§ WHAT IS REQUIRED
Give back the lines below verbatim, omitting all pictures.

§ SOURCE DATA
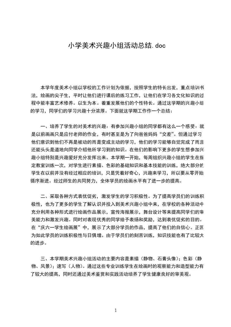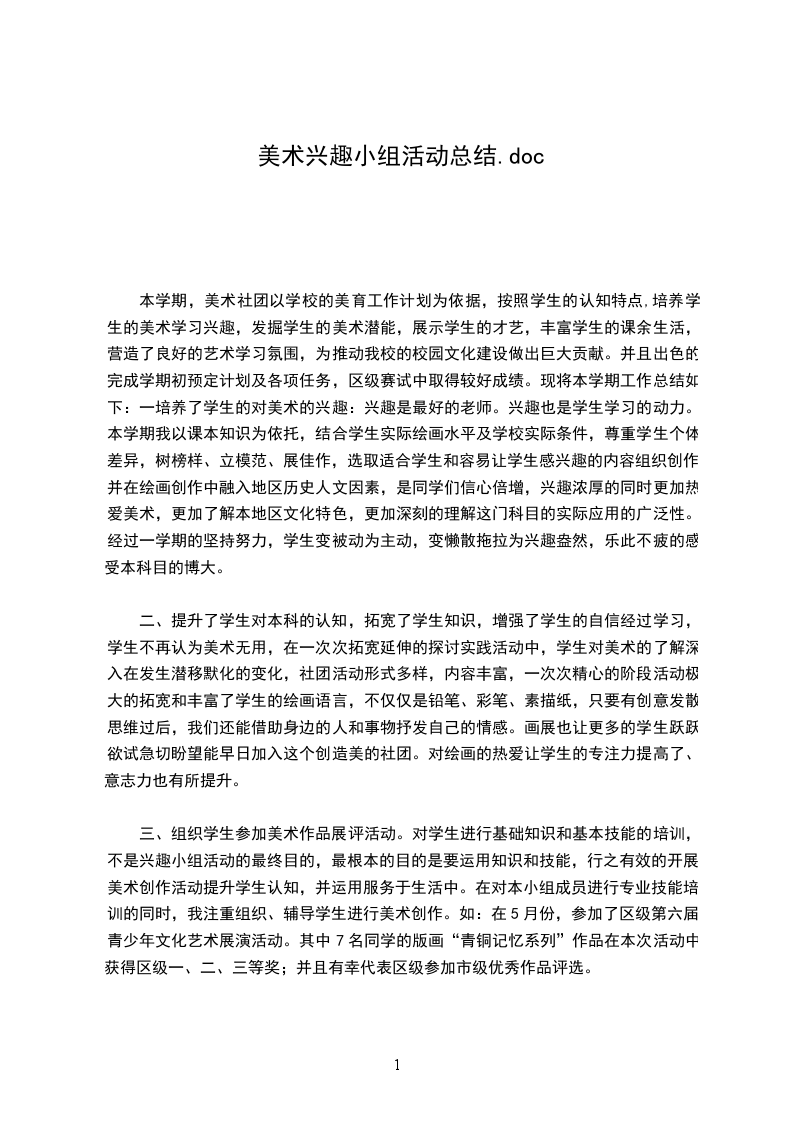 本学期,美术社团以学校的美育工作计划为依据,按照学生的认知特点,培养学生的美术学习兴趣,发掘学生的美术潜能,展示学生的才艺,丰富学生的课余生活,营造了良好的艺术学习氛围,为推动我校的校园文化建设做出巨大贡献。并且出色的完成学期初预定计划及各项任务,区级赛试中取得较好成绩。现将本学期工作总结如下:一培养了学生的对美术的兴趣:兴趣是最好的老师。兴趣也是学生学习的动力。本学期我以课本知识为依托,结合学生实际绘画水平及学校实际条件,尊重学生个体差异,树榜样、立模范、展佳作,选取适合学生和容易让学生感兴趣的内容组织创作,并在绘画创作中融入地区历史人文因素,是同学们信心倍增,兴趣浓厚的同时更加热爱美术,更加了解本地区文化特色,更加深刻的理解这门科目的实际应用的广泛性。经过一学期的坚持努力,学生变被动为主动,变懒散拖拉为兴趣盎然,乐此不疲的感受本科目的博大。
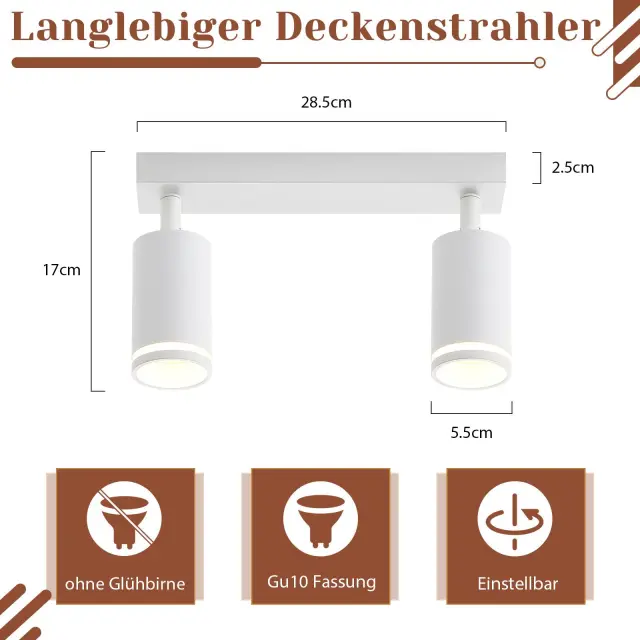 NETTLIFE LED stropna svetilka z 2 plamenoma - bela stropna svetilka GU10, vrtljiva, lesena stenska svetilka, stenski reflektor,brez žarnice
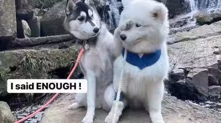 哈士奇被薩摩耶強吻,可沒想到狗子竟是這種反應,笑噴!_官面_高冷
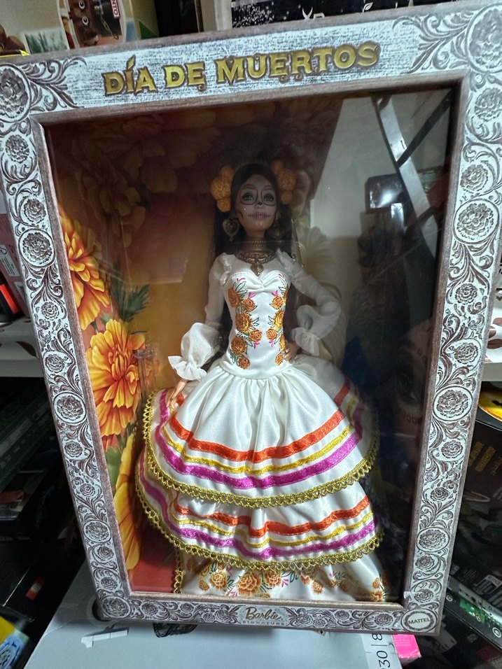 Bu beyaz bebek, turuncu ve pembe detaylarla süslü geleneksel bir elbise giymektedir. Día de Muertos temasını yansıtan detaylı kutuda sunulur.
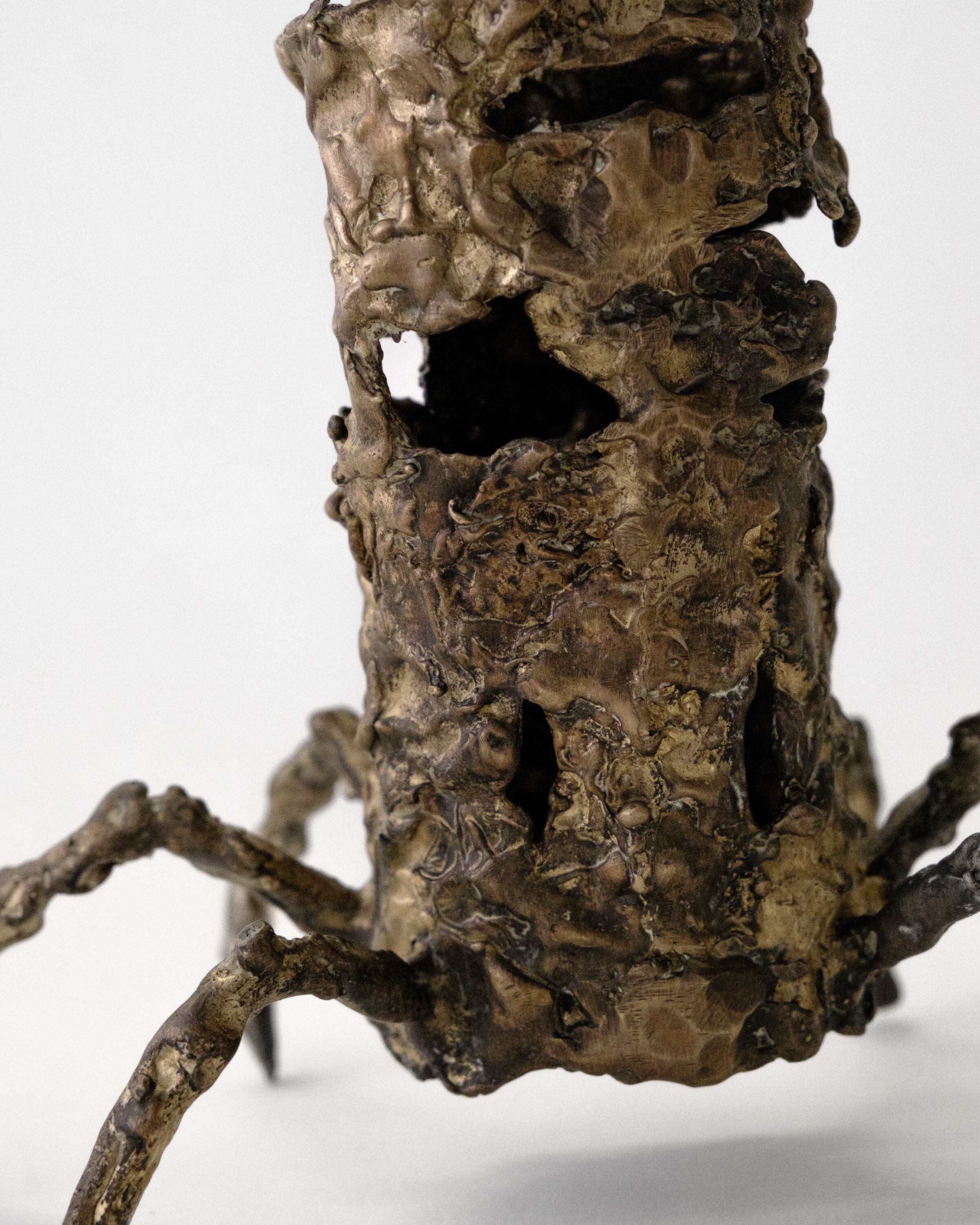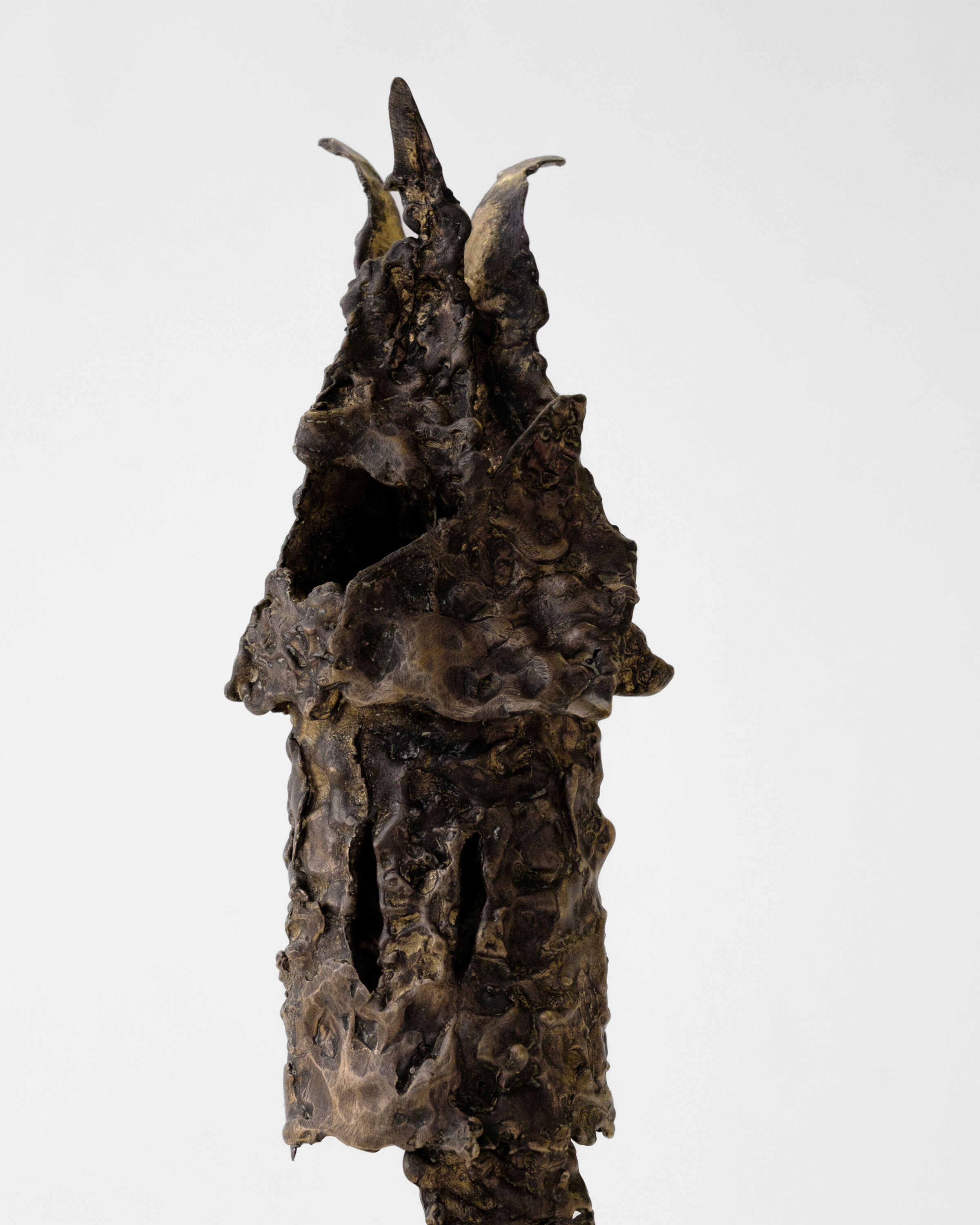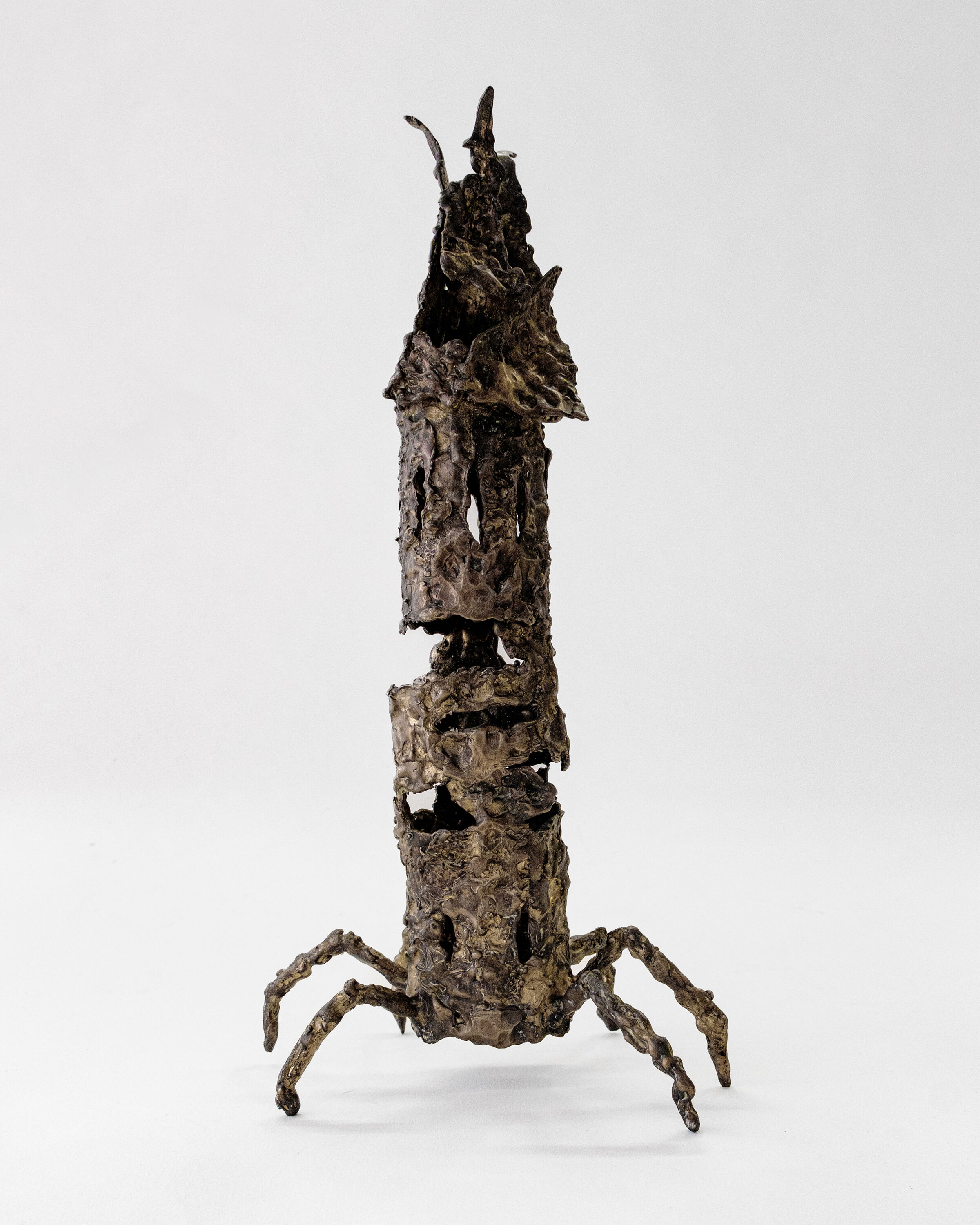 Working between sculpture, functional objects, and jewelry, Antonia Pinter creates pieces that suggest narratives while preserving their mysteries. Beginning in wax and later cast in metals such as brass, bronze, and aluminum, Pinter employs a transformative process that shapes energy and imagination into material form. Her works—including candelabras, elf houses, vessels, and bells—transcend mere function, becoming objects of spiritual resonance that blur the line between utility and sculpture. Pinter’s background in publication and poetry manifests in her use of mythic lore and repeated glyphs, forming a sculptural language that evokes myth, ritual, and the collective unconscious.
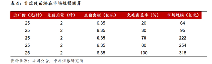 关于中国非洲猪瘟疫苗市场规模测算,做出如下假设:
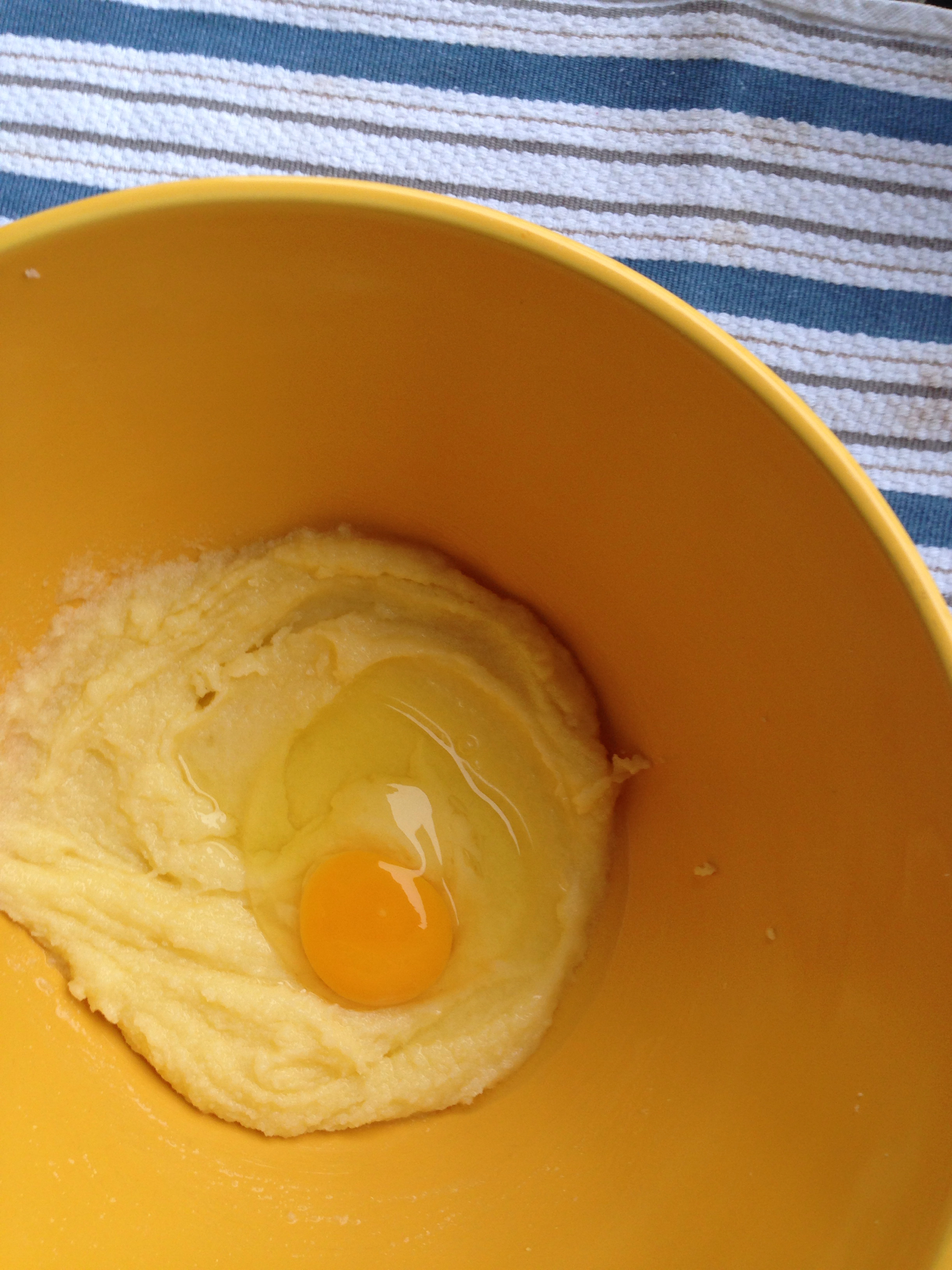 1. Preheat the oven to 325 deg F. Line a baking sheet with tinfoil and spray with Pam or other non-stick cooking oil. Mix together the butter and sugar. Add eggs, orange zest, orange juice, vanilla, and almond extract until fully combined. Add in flour slowly, along with the baking powder and salt. You will end up with a big, sticky ball of dough.
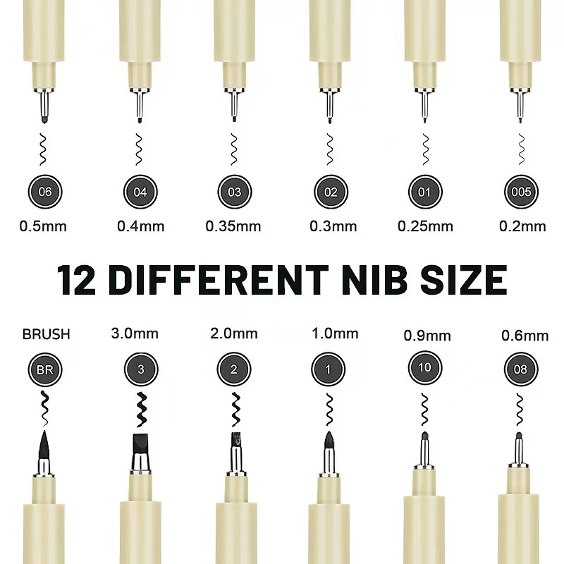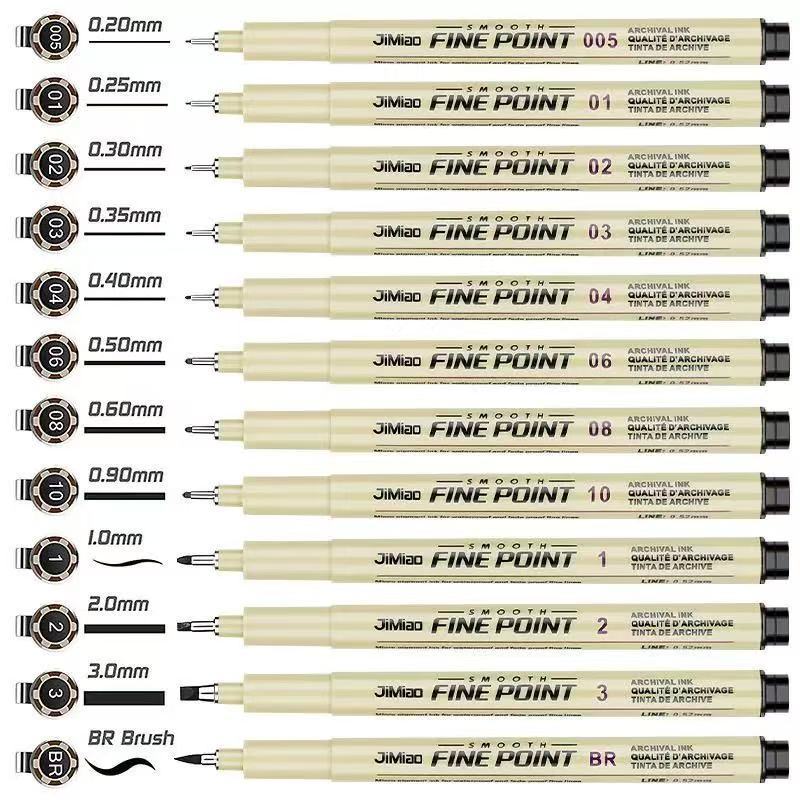Canetas De Tinta Micron Com Forro De Pigmento De Ponta 3/6/9/12 Para Esboços De Mangá , Desenho De Linha De Gancho

§ WRITTEN SOLUTION
 本学期,美术社团以学校的美育工作计划为依据,按照学生的认知特点,培养学生的美术学习兴趣,发掘学生的美术潜能,展示学生的才艺,丰富学生的课余生活,营造了良好的艺术学习氛围,为推动我校的校园文化建设做出巨大贡献。并且出色的完成学期初预定计划及各项任务,区级赛试中取得较好成绩。现将本学期工作总结如下:一培养了学生的对美术的兴趣:兴趣是最好的老师。兴趣也是学生学习的动力。本学期我以课本知识为依托,结合学生实际绘画水平及学校实际条件,尊重学生个体差异,树榜样、立模范、展佳作,选取适合学生和容易让学生感兴趣的内容组织创作,并在绘画创作中融入地区历史人文因素,是同学们信心倍增,兴趣浓厚的同时更加热爱美术,更加了解本地区文化特色,更加深刻的理解这门科目的实际应用的广泛性。经过一学期的坚持努力,学生变被动为主动,变懒散拖拉为兴趣盎然,乐此不疲的感受本科目的博大。
 NETTLIFE LED stropna svetilka z 2 plamenoma - bela stropna svetilka GU10, vrtljiva, lesena stenska svetilka, stenski reflektor,brez žarnice
 哈士奇被薩摩耶強吻,可沒想到狗子竟是這種反應,笑噴!_官面_高冷
 Bu beyaz bebek, turuncu ve pembe detaylarla süslü geleneksel bir elbise giymektedir. Día de Muertos temasını yansıtan detaylı kutuda sunulur.
 Working between sculpture, functional objects, and jewelry, Antonia Pinter creates pieces that suggest narratives while preserving their mysteries. Beginning in wax and later cast in metals such as brass, bronze, and aluminum, Pinter employs a transformative process that shapes energy and imagination into material form. Her works—including candelabras, elf houses, vessels, and bells—transcend mere function, becoming objects of spiritual resonance that blur the line between utility and sculpture. Pinter’s background in publication and poetry manifests in her use of mythic lore and repeated glyphs, forming a sculptural language that evokes myth, ritual, and the collective unconscious.
 关于中国非洲猪瘟疫苗市场规模测算,做出如下假设:
 1. Preheat the oven to 325 deg F. Line a baking sheet with tinfoil and spray with Pam or other non-stick cooking oil. Mix together the butter and sugar. Add eggs, orange zest, orange juice, vanilla, and almond extract until fully combined. Add in flour slowly, along with the baking powder and salt. You will end up with a big, sticky ball of dough.
Canetas De Tinta Micron Com Forro De Pigmento De Ponta 3/6/9/12 Para Esboços De Mangá , Desenho De Linha De Gancho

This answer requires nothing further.